→ **Instructions for the task**
One exact copy of the listing is needed. It should contain no pictures.

→ **Supplied information**
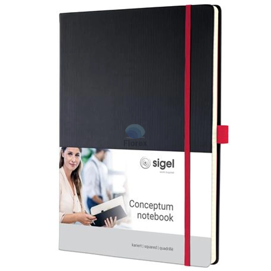 Jegyzetfüzet, exkluzív, A4, kockás, 97 lap, keményfedeles, SIGEL "Conceptum Red Edition", fekete-piros
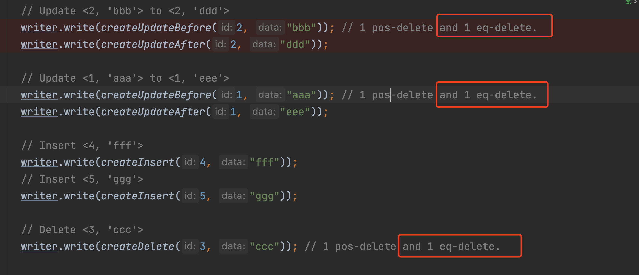 | eqDeleteWriter.write(row); | ||
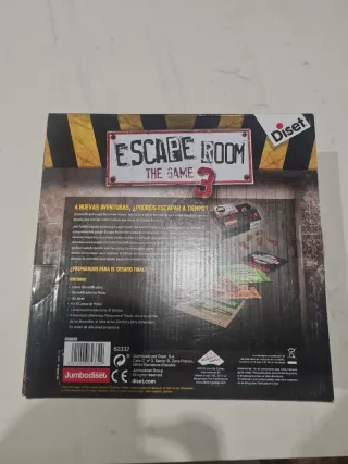 Juego de mesa Escape Room The Game 3 de Diset. Incluye 4 emocionantes escape rooms y una aventura introductoria. Solo usados 2 de los 4. - 4 Escape Rooms + Aventura Introductoria - Temáticas: Titanic, Alicia en el País de las Maravillas, Alba de Zombies, Otra Dimensión - Edad recomendada: +16 años - Jugadores: 3-5 - Duración: 60 minutos - Crono decodificador incluido
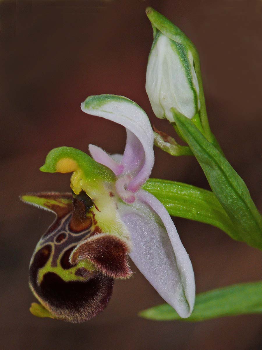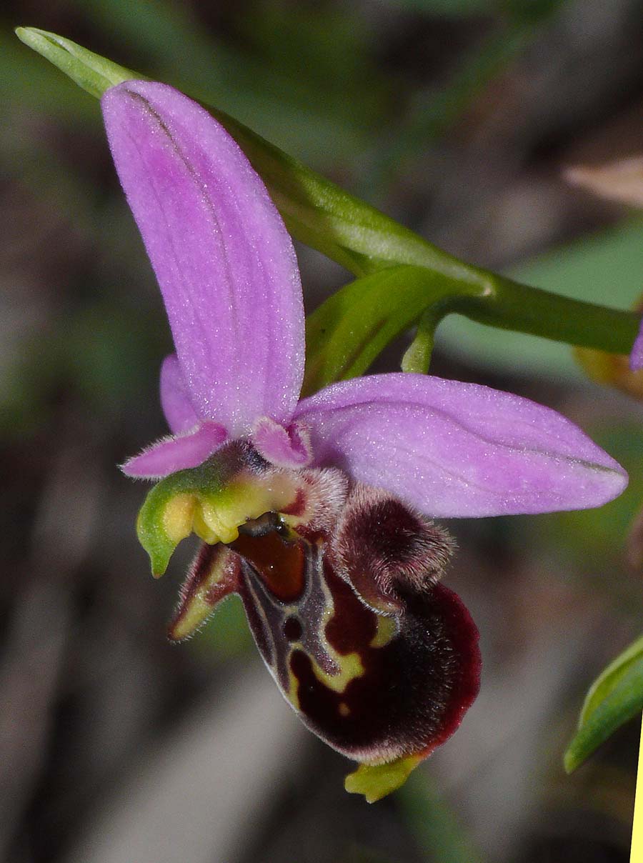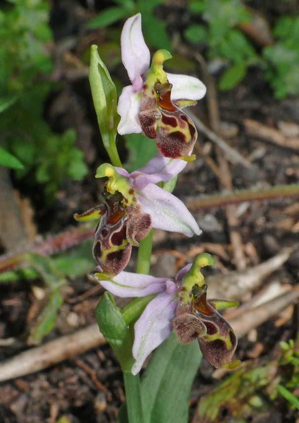This was the prevailing view until recently when the opinion was reversed and the two species were again regarded as separate taxons. This view is not at all universally endorsed with many pointing to the fact that they share the same pollinator and that both are reported as very variable with formal descriptions that do not satisfactorily distinguish them. These two species are extremely difficult to differentiate and the authors cannot present this page as authoritative. O. heterochila was originally thought to be endemic to Rhodes but has subsequently been discovered on other of the Aegean islands, notably Chios, Samos and Lesbos. It's a member of the eastern Mediterranean O. heldreichii group, which although local, can be abundant in a variety of habitats. A key differentiator between O. heterochila and O. dodekanensis is flowering time with the latter declining as the former first appears in mid March. The former also differs in that its lip shows a tendency towards a fuciflorid form whereas the latter generally appears long and thin due to the strongly reflexed lobes. Both species may be differentiated from the similar O. minutula and O. cornutula by the less colourful, drabber speculum. The pictures are from Rhodes, Samos and Chios, dating from the first week of April. |

→ **Solved exercise**
 Jegyzetfüzet, exkluzív, A4, kockás, 97 lap, keményfedeles, SIGEL "Conceptum Red Edition", fekete-piros
 | eqDeleteWriter.write(row); | ||
 Juego de mesa Escape Room The Game 3 de Diset. Incluye 4 emocionantes escape rooms y una aventura introductoria. Solo usados 2 de los 4. - 4 Escape Rooms + Aventura Introductoria - Temáticas: Titanic, Alicia en el País de las Maravillas, Alba de Zombies, Otra Dimensión - Edad recomendada: +16 años - Jugadores: 3-5 - Duración: 60 minutos - Crono decodificador incluido
This was the prevailing view until recently when the opinion was reversed and the two species were again regarded as separate taxons. This view is not at all universally endorsed with many pointing to the fact that they share the same pollinator and that both are reported as very variable with formal descriptions that do not satisfactorily distinguish them. These two species are extremely difficult to differentiate and the authors cannot present this page as authoritative. O. heterochila was originally thought to be endemic to Rhodes but has subsequently been discovered on other of the Aegean islands, notably Chios, Samos and Lesbos. It's a member of the eastern Mediterranean O. heldreichii group, which although local, can be abundant in a variety of habitats. A key differentiator between O. heterochila and O. dodekanensis is flowering time with the latter declining as the former first appears in mid March. The former also differs in that its lip shows a tendency towards a fuciflorid form whereas the latter generally appears long and thin due to the strongly reflexed lobes. Both species may be differentiated from the similar O. minutula and O. cornutula by the less colourful, drabber speculum. The pictures are from Rhodes, Samos and Chios, dating from the first week of April. |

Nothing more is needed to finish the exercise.